Effects of Tg YKL-40. In A and B, YKL-40 Tg mice (YKL40 Tg⁺) and Tg negative (−) littermate controls were placed on dox, OVA sensitization and challenge were undertaken, and evaluations were performed 24 h and 2 wk later. (A and B) The levels of MMR expression (A) and the accumulation of IL-4– and IL-13–producing cells (B) in the BAL were evaluated. (C–E) YKL-40 Tg mice (YKL40 Tg⁺) and Tg negative (−) littermate controls were placed on dox, OVA sensitization and challenge were undertaken, and evaluations were performed 2 wk later.

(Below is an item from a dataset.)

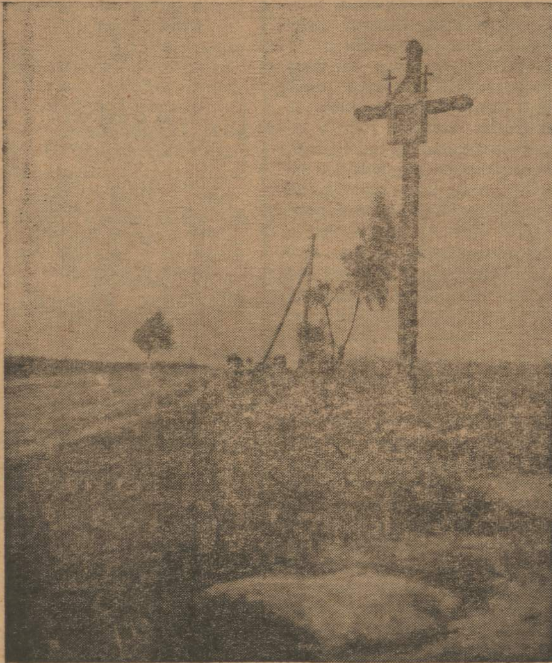
"Kur pradingo tas kelelis, kur pro kryžių ėjo?"

The expression of CD4 cell and macrophage annexin V (C), Fas (D), and the levels of activated Akt (E) were evaluated. *, P < 0.05. (F) The levels of Faim 3 mRNA were evaluated 24 h after the last challenge by real-time RT-PCR. The values are the mean ± SEM of evaluations in a minimum of five animals and are representative of two separate experiments. MFI, median fluorescence intensity. *, P < 0.05.

Figure 10.

Comparisons of BRP-39 and AMCase. (A) The levels of mRNA encoding BRP-39 in mice that received antigen-specific in vitro–polarized Th1 or Th2 cells and were challenged with antigen (c, control). (B) BRP-39 expression was evaluated by RT-PCR in IFN-γ Tg mice and controls (−). (C) AMCase and BRP-39 expression were localized in the lungs of 2-mo-old IL-13 Tg mice by double-label IHC (white arrows, colocalized; yellow arrows, AMCase; red arrows, BRP-39). (D and E) The levels of BAL AMCase were assessed in OVA-plus-alum–sensitized and OVA-challenged mice (D) and IL-13 Tg mice with WT and null BRP-39 loci (E). The values in D and E are the mean ± SEM of evaluations in a minimum of five animals and are representative of two separate evaluations. *, P < 0.05. Bars, 25 µm.